On Tue, Jun 23, 2009 at 12:39 PM, David Bruggeman <[email protected]> wrote:

>
> http://ethicist.blogs.nytimes.com/2009/06/22/the-ethics-of-lettermans-palin-joke/
>
> They buried the lede/conflict of interest here.  Who, besides Donz, knew
> that the NYT Ethicist used to write for Letterman?
>


I knew that - mostly because it is mentioned very prominently in the "About
Randy Cohen" box on the right of his column (in addition to being the focus
of the last two paragraphs).

Cohen gets it about right - if anything he is too hard on Dave. He writes
(accurately, IMO)

"Alas, the joke does have ethical shortcomings. Although Bristol is a
legitimate subject, she is a slightly pathetic one, beleaguered by her
family, pressed by her circumstances, abandoned by her boyfriend, making the
joke a bit bullying."

He also writes, less accurately (IMO):

"More disheartening, sexism permeates the joke. Letterman has ridiculed Bill
Clinton, Eliot Spitzer, John Edwards and, here, Alex Rodriguez for
licentious excess — embarrassing conduct, perhaps, but Letterman treats it
with nothing harsher than a sort of smirking envy. Bristol is condemned on
moral grounds — she’s loose, she’s easy, she’s held to the standards of a
1950s high school. Nobody envies the tramp.
A joke is an expression of its teller’s persona; context counts. The night
Letterman told this joke, his Top 10 List was “Highlights of Sarah Palin’s
Trip to New 
York.”<http://lateshow.cbs.com/latenight/lateshow/top_ten/index/php/20090608.phtml>No.
2 was “Bought makeup at Bloomingdales to update her ‘slutty flight
attendant’ look.” Male politicians are not so relentlessly mocked for their
appearance, and when they are, it is for being a fop or a doofus, vain or
foolish. Women politicians are evaluated for their sexual allure; they are
put in their place. In his initial response to this contretemps, Letterman
said of No. 2, “I kind of like that joke.” He should reconsider. He should
retire the word “slut.”"

I would like to see a montage clip of Dave's Clinton and Spitzer jokes over
the years; I would defy anyone to watch it and conclude that Dave's tone is
"smirking envy". He clearly had lost all respect for Clinton by the last two
years of that administration, and since then his jokes have continued to hit
pretty hard, not just going for the easy and sleazy, but also to Clinton's
fundamental flaws, lack of integrity, decency and trustworthiness. The joke
on Spitzer is never "wow, he gets to have sex with lots of women" - it is
always "he likes to have sex with whores". There is nothing envious about
that - it is entirely condescending and judgemental (and appropriatley so).

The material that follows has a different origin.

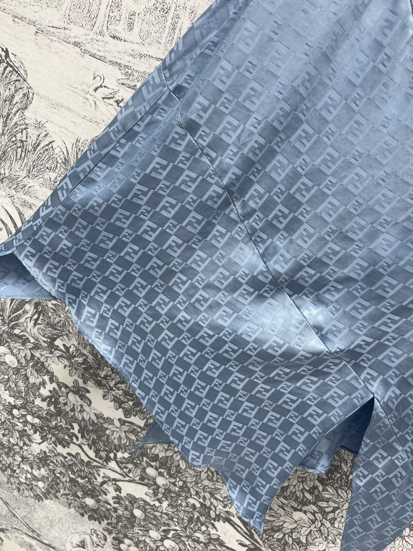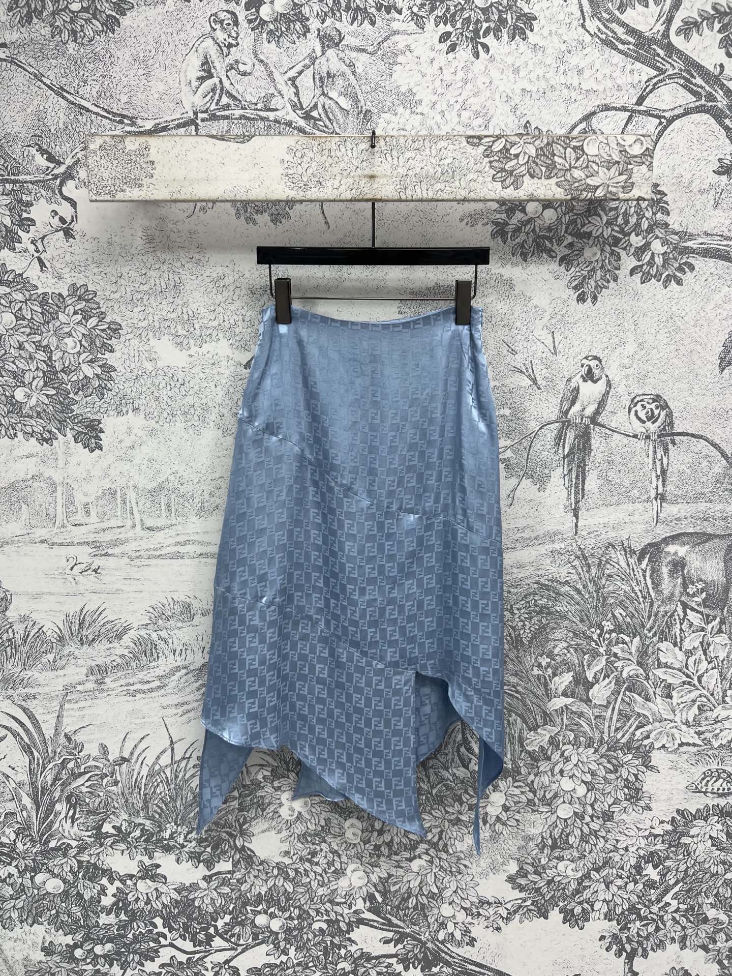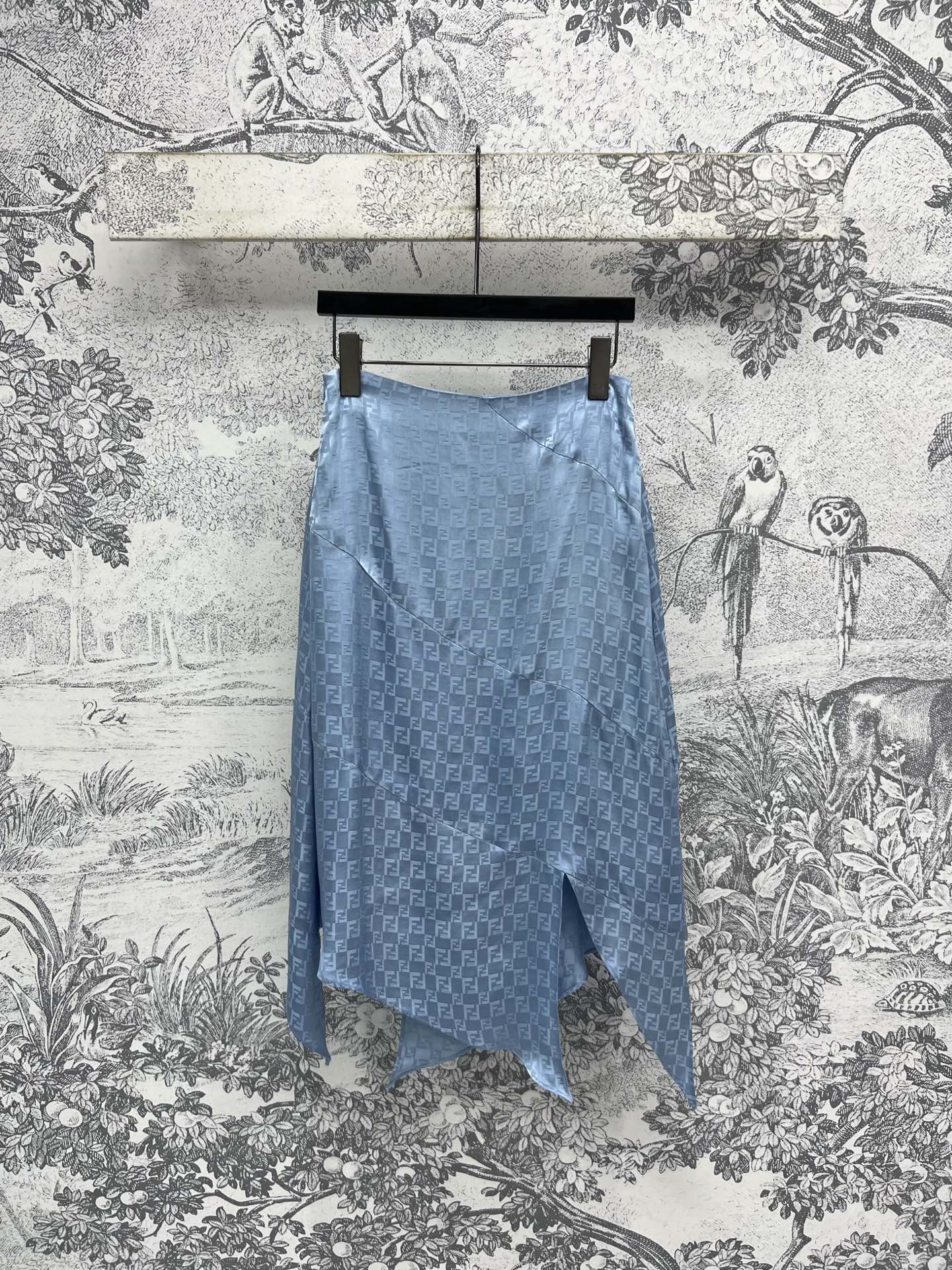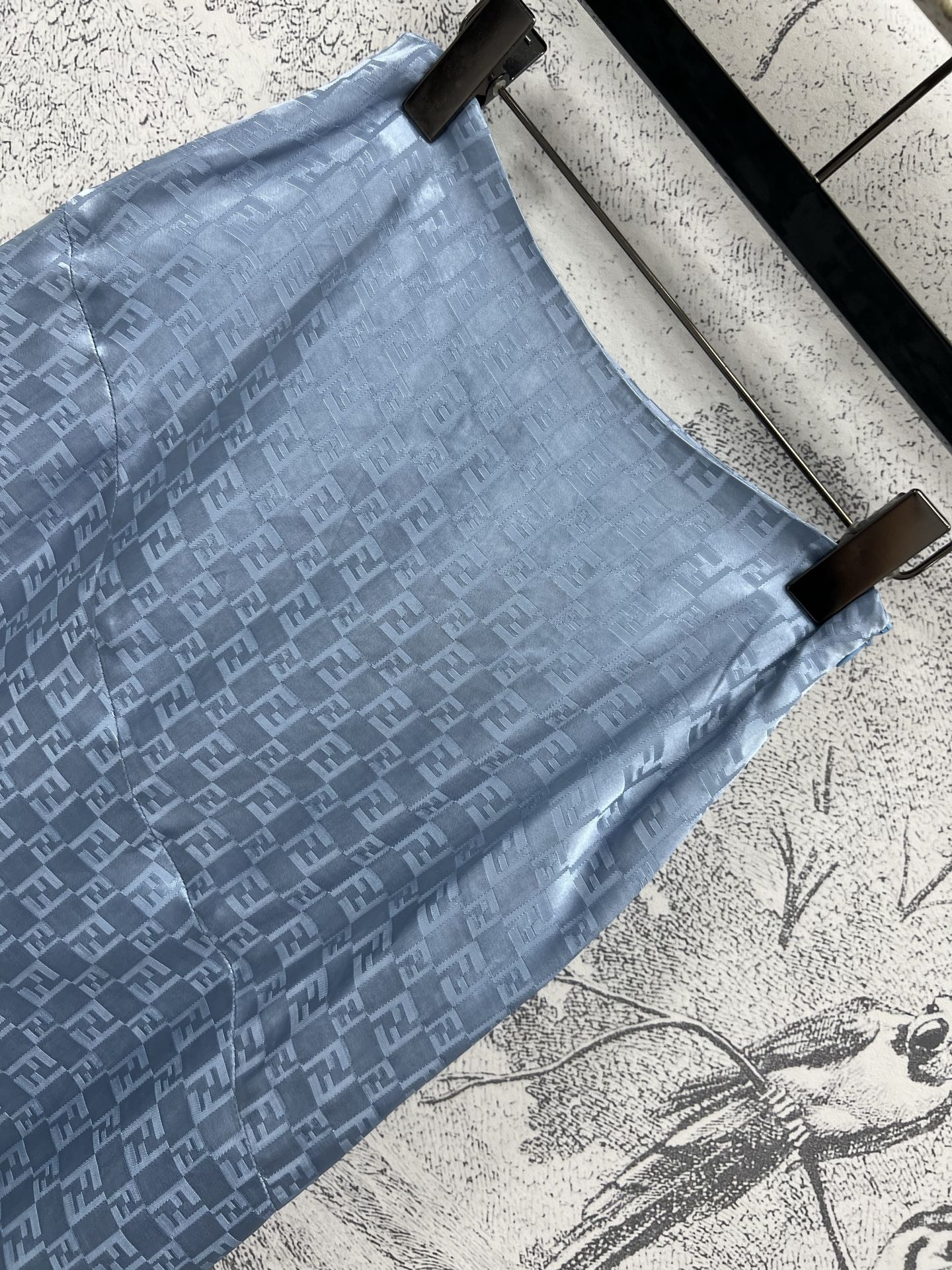 Fendi 25 Double F Irregular Skirt Blue Viscose Polyester

My take on the Bristol Palin joke was exactly the same as Cohen's here, but
the opposite on the slutty flight attendant look joke, which, like Dave, I
kind of liked. The joke here is not that all female politicians are slutty,
or that all attractive female politicians are slutty, or even that female
politicians have a sexual dimension to their personas that males do not
have. The joke, clearly, is on the behavior of this particular female
politician, who used a flirty persona (and was used by the old white men
running the McCain campaign) to try to win votes - including of course,,
spending lots of money on fancy clothes at places like Bloomingdales.
Clinton used his purported sex appeal with women to get votes, and was
called on it by comics. There is nothing wrong with comics making a similar
(but much, much, milder)  call on Palin.